Study with duloxetine evaluating long-term pain reduction in treatment of DPNP is first to exceed three months
19 August 2008
Indianapolis, 19 August 2008 – Duloxetine hydrochloride maintained pain reduction in the treatment of diabetic peripheral neuropathic pain (DPNP) for more than six months,1 according to new data presented today at the 12th World Congress on Pain in Glasgow, Scotland.
The open-label study, which aimed to evaluate long-term maintenance of effect of duloxetine 60 mg once daily, is the first to assess the efficacy of duloxetine in DPNP beyond three months. The study enrolled 216 patients with DPNP who began eight weeks of treatment with 60 mg of duloxetine once daily. Over this initial eight-week period, 53 percent (N=115) of enrolled patients experienced clinically significant improvement in pain reduction (defined as at least 30 percent pain reduction) as measured by the Brief Pain Inventory (BPI) 24-hour average pain rating.1 This group of responders was maintained on duloxetine 60 mg (N=103) once daily for up to 26 weeks to evaluate sustained pain reduction. Results at study end showed that the reduction in pain was maintained in 74.8 percent (N=77) of the sustained responders with 60 mg duloxetine over the full study period.
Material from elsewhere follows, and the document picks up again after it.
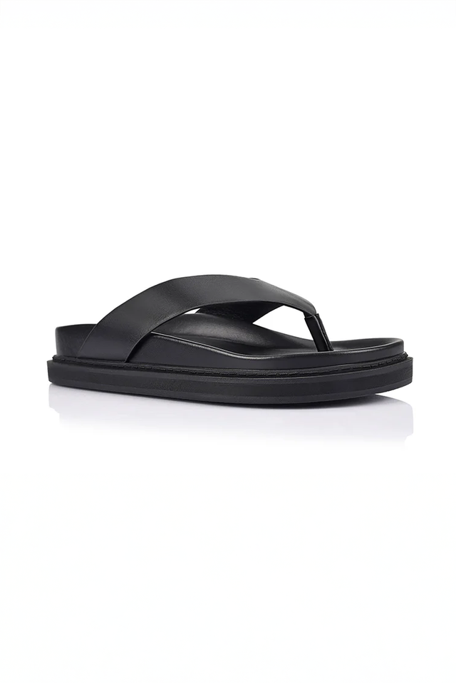 Discover Bridget by Verali. Elevate your off-duty style with this modern take on the classic thong. Featuring wide crossover straps and a chunky platform sole, this sandal blends sleek minimalism with a laid-back edge. Perfect for pairing with relaxed tailoring or casual denim, it’s your go-to for effortless, all-day cool.

“DPNP is a chronic, potentially disabling, condition requiring treatment over a long period of time,” said Vladimir Skljarevski, M.D., lead author of the study and a neurologist and medical fellow at Lilly Research Laboratories. “This study showed duloxetine reduced pain over a six-month period, making this the longest data analysis of duloxetine for the treatment of DPNP.”
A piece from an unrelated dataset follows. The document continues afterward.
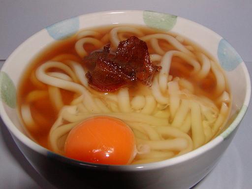 甘露煮にして月見うどんの上にのせました。ギル月見うどん。

During the course of the eight-week acute therapy and 26-week maintenance therapy periods, the most common treatment-emergent adverse events (those occurring in more than 5 percent of patients) for those taking 60 mg of duloxetine were nausea, somnolence, hyperhydrosis (excessive sweating), dry mouth, anorexia, asthenia (weakness), fatigue and headache.2
An estimated 246 million adults worldwide suffer from diabetes.3 By 2025, that number is expected to rise to 380 million, according to the International Diabetes Federation.3Although all diabetics are at risk for DPNP, those most likely to develop the condition are long-term sufferers whose blood-sugar levels have not been adequately controlled, who have high blood pressure or are overweight.4 An estimated 17.2 million to 49.2 million patients with diabetes have been diagnosed with DPNP.5
Duloxetine is a serotonin and norepinephrine reuptake inhibitor (SNRI). Although it does not treat the underlying nerve damage caused by DPNP, duloxetine does help relieve the intense pain often associated with the disorder.6 Scientists believe it does this by increasing levels of serotonin and norepinephrine – two neurotransmitters believed to regulate a person’s sensitivity to pain. Increasing these levels in a balanced way is thought to improve the body’s natural ability to regulate pain by modulating the descending pain pathways in the central nervous system.
In Europe, duloxetine is approved for the treatment of DPNP, major depressive disorder (MDD) and generalised anxiety disorder (GAD).
Duloxetine is approved in various countries outside of Europe for the management of DPNP, for the treatment of MDD, for the treatment of GAD and for the management of fibromyalgia.